As a preferred scheme of the online monitoring system based on the transmission line automation, the invention comprises the following steps: the first layer of the three layers is a transformer substation index diagram, the second layer of the three layers is a transformer substation internal wiring diagram, and the third layer of the three layers is a 494 Zhang Lianlao diagram which divides an electrical structure connected by a feeder line according to an N-1 hand.

As a preferred scheme of the online monitoring system based on the transmission line automation, the invention comprises the following steps: the 494 Zhang Lianlao map carries out the information reduction of the whole network map by adding the functions of jumping, marking and jumping of the same-pole erecting line and special marking of the standby equipment;

the jumping can be directly started and jumps to a contact diagram where the other path of power supply boundary of the backup switching device is located;

the mark and the skip of the same-pole erection line are added with a field in a professional standing book of each pole tower: whether the equipment is on the same pole; if so, filling in another field: the rods are made of the same material;

when the professional standing book indicates that the same-pole equipment exists on the tower, the same-pole identification appears on the line when the contact diagram is generated, two-loop and three-loop same-pole identification can be distinguished, and the overhead line on the same pole needs to jump after being packaged;

the special mark of the backup switching equipment is formed by filling a background of a backup switching station with one color, and connecting and marking two incoming line switches which are backup switches with one another by using another color and a line type.

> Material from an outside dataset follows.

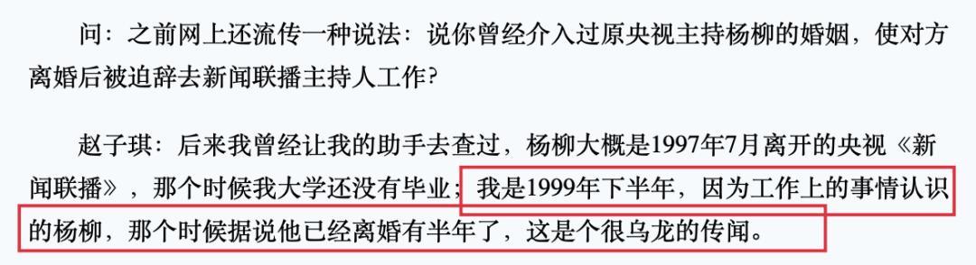 趙子琪沒有否認過這段感情,但也堅決否認自己是插足者,她說自己認識楊柳的時候,對方自稱離婚半年,

As a preferred scheme of the online monitoring system based on the transmission line automation, the invention comprises the following steps: the substation index map is used for distinguishing the substation names with different colors for voltage levels.

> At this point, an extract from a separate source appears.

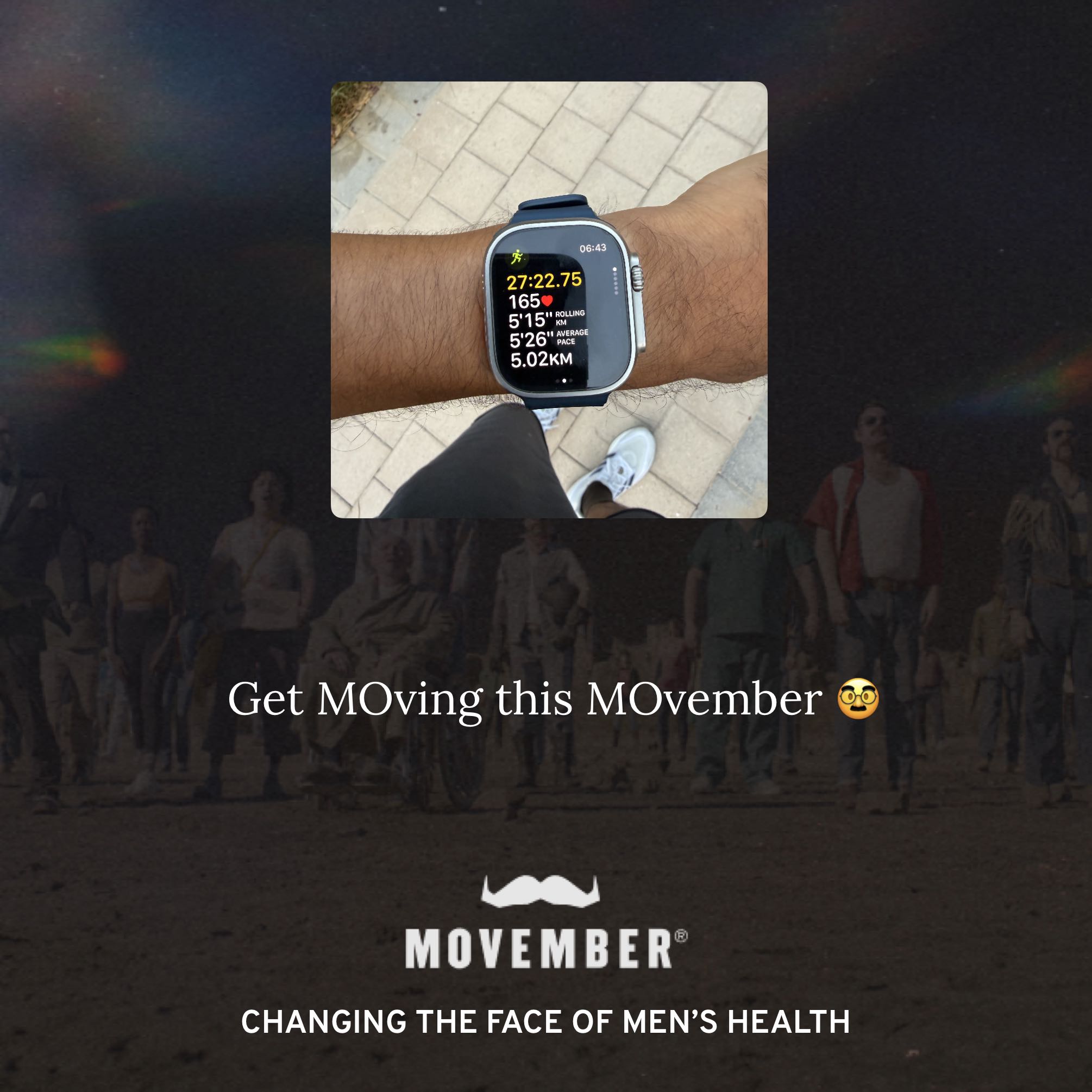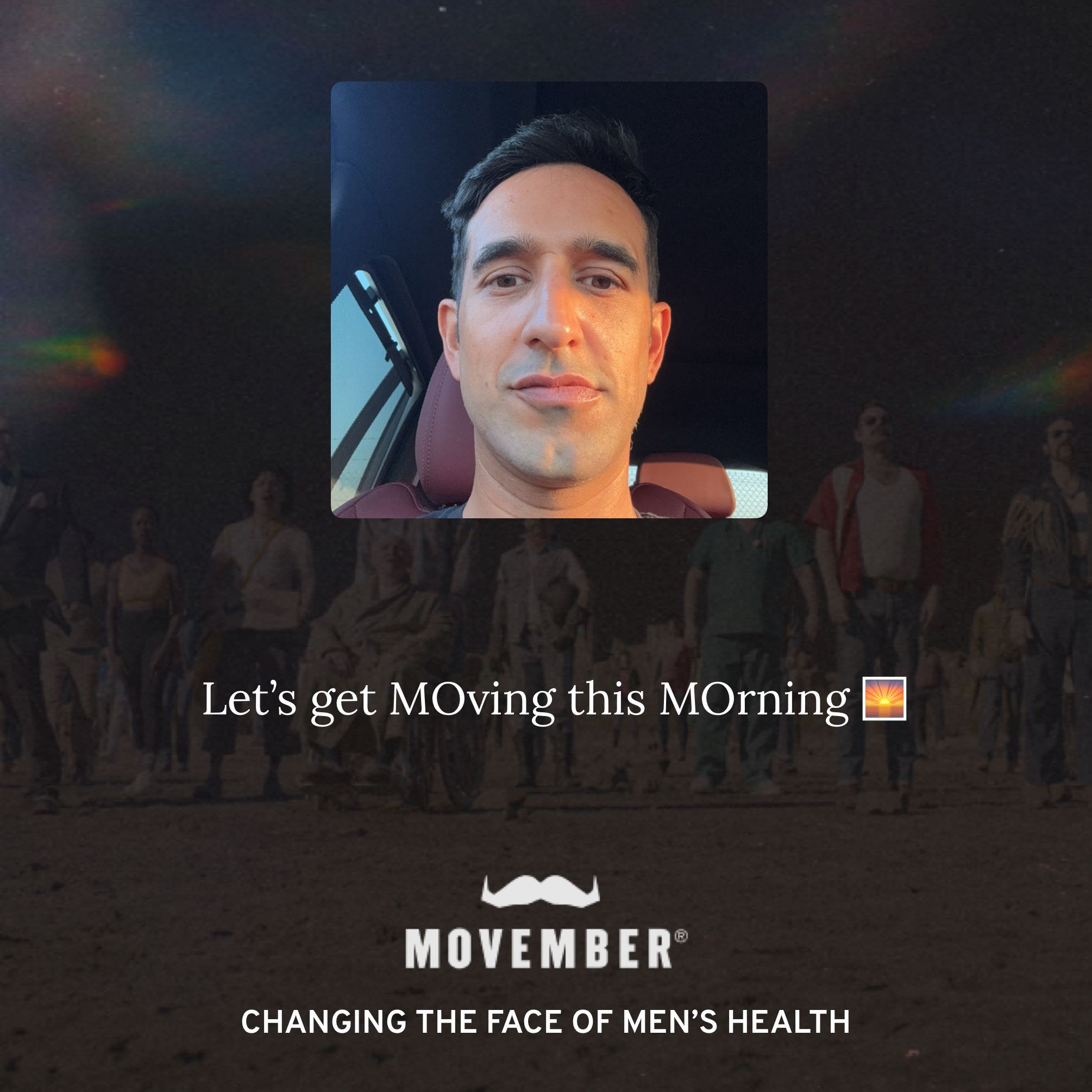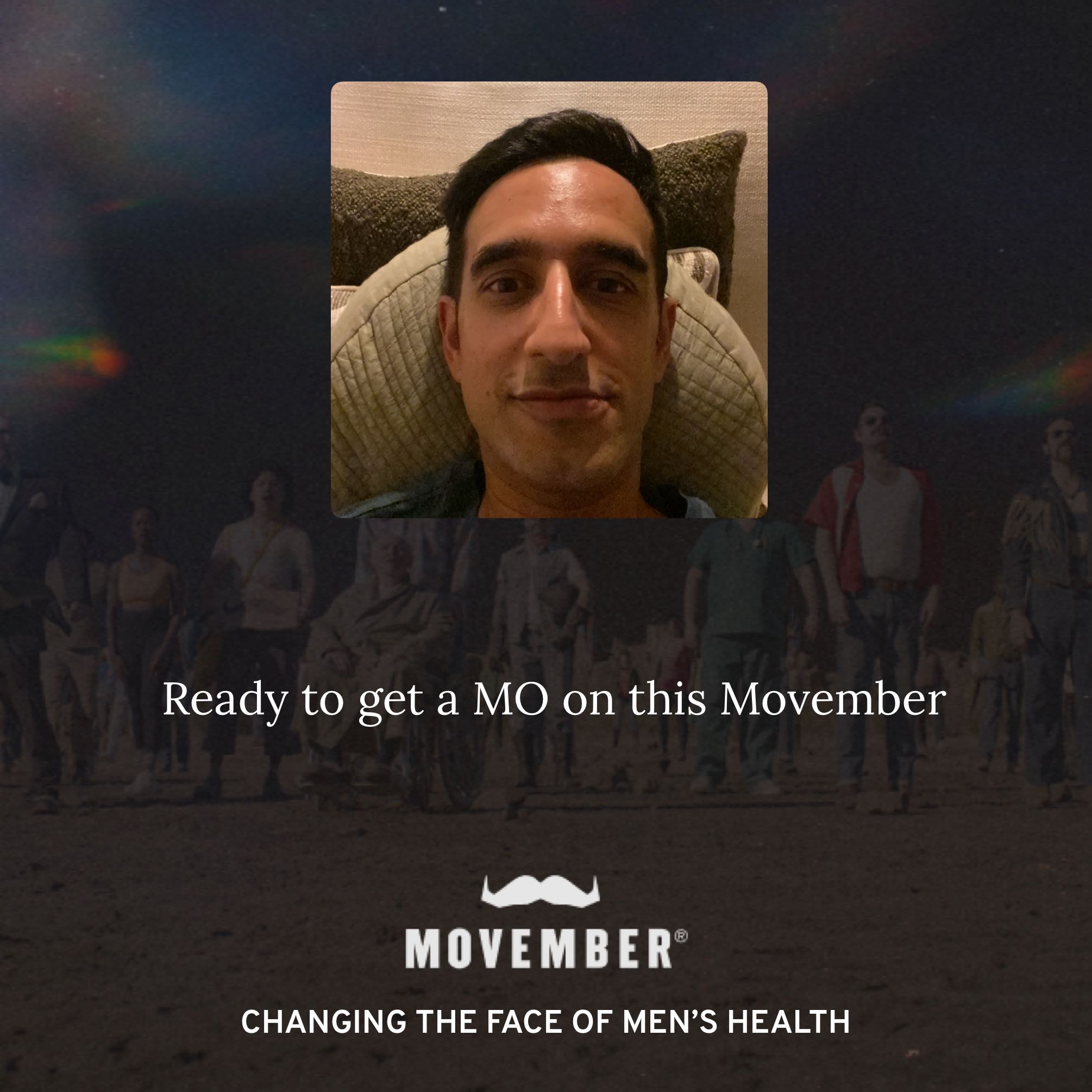 Movember is the leading charity changing the face of men's health, and this Movember I'm joining them. Together we can make a difference for men's health – in prostate cancer, testicular cancer, mental health and suicide prevention. Help me stop men dying too young.

As a preferred scheme of the online monitoring system based on the transmission line automation, the invention comprises the following steps: the substation internal wiring diagram is used for generating a diagram layer by electrically connecting all operating buses, bus couplers and all outgoing feeder switches of a substation, and the network property of the line is marked below each outgoing feeder switch.

As a preferred scheme of the online monitoring system based on the transmission line automation, the invention comprises the following steps: the contact diagram module also comprises a one-key extraction trunk line graph used for extracting trunk line equipment, multi-power supply users and important users, generating a temporary trunk line graph by the extracted equipment according to the topological relation of the equipment, and displaying the temporary trunk line graph in a pop-up window mode.

As a preferred scheme of the online monitoring system based on the transmission line automation, the invention comprises the following steps: the DMS1000E module includes:

the database is used for storing the collected information and the state of the equipment;

loop closing and opening detection is used for judging whether system loop closing operation is caused or not in the process of remote control operation;

the three remote technologies comprise remote measurement, remote signaling and remote control technologies.

As a preferred scheme of the online monitoring system based on the transmission line automation, the invention comprises the following steps: the fault rapid processing module further comprises an alarm module, the alarm module is composed of an alarm lamp and a buzzer, and the alarm module carries out popup display according to preset fault grade classification.

As a preferred scheme of the online monitoring system based on the transmission line automation, the invention comprises the following steps: the intelligent billing module is composed of an application form management module and an instruction form management module, wherein the application form comprises an outage application form, a mode application form, an external unit application form, an industry expansion application form, a fault first-aid repair form and a client outage and restoration form.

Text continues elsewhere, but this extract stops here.